I wanted to read “What Happened to You: Conversations on Trauma, Resilience, and Healing” after listening to Brene Brown interview the authors on her Spoitfy podcast. I recommend listening to the interview, and I equally recommend reading their book. “What Happened to You” is an important summation of the current research into how early childhood experiences (good and bad) influence people for the rest of their lives.

Oprah Winfrey and Dr. Bruce Perry co-authored this book. Oprah needs no introduction. Dr. Perry is a child psychologist and neuroscientist with a long career studying and working with traumatized people. Oprah uses her experience as an interviewer to give space to Dr. Perry to present the science and his informed views on childhood development.

Dr. Perry covers so much ground here. He talks about the importance of well-regulated adults helping distressed infants learn to self-regulate—and what happens when the caring adults are themseles overwhelmed, undersupported and dysregulated. The developing brain of the infant will adapt different behaviours to manage how they are being treated—with positive and negative effects.

In a nutshell, predictable patterns of stress lead to tolerance and resilience. Unpredictable patterns of stress lead to a vulnerability to stress, and a higher baseline of stress. And people with a higher baseline of stress are more likely to abuse drugs, food and alcohol. They are also more likely to engage in unhealthy and unhappy relationships, if they are even able to form them.

It’s a fascinating conversation, filled with helpful charts, that makes its case over 10 chapters. They cover PTSD, disassocation, the tree of regulation, ACE scores, nurture vs. nature and the importance of therapy following the sequences of engagement, among other things.

Dr. Perry occasionally steps back from conventional wisdom for a sharp critique. He notes the current “trauma-informed” trends are not always positive, and sometimes dilute the hard, complicated work of managing trauma. Still, he says, all these efforts are hopefully working various systems toward an improving environment that can recognize and help traumatized individuals.

Is this book on early childhood trauma helpful and hopeful? The answer is yes. It’s never to late to heal, they say. The book moves from the lifelong challenges of abuse and neglect to what recovery looks like with chapters on healing and post-traumatic wisdom.

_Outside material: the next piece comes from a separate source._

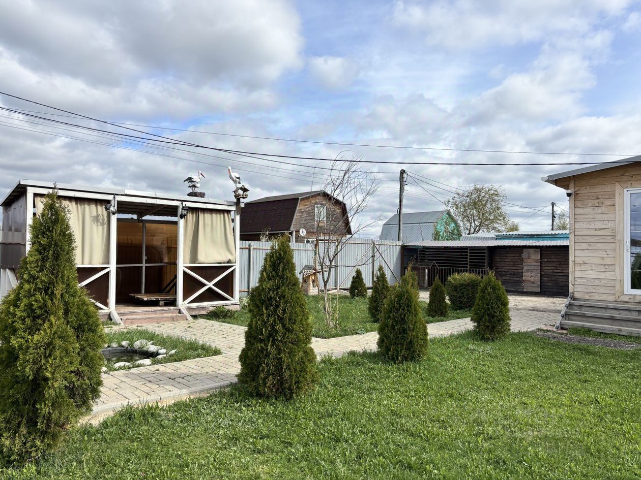 На участке расположена беседка, теплица, мангальная зона, качельки и декоративный пруд.

I’ll let the author share the last words, from their introductions. Oprah writes that understanding how the brain reacts to experiences is “the key to reshaping our very lives.” Dr. Perry hopes that this book will help readers “gain insights to help us all live better, more fulfilling lives.”

Strongly recommended for anyone interested in psychology, or anyone who wonders how the events in their own life have affected them.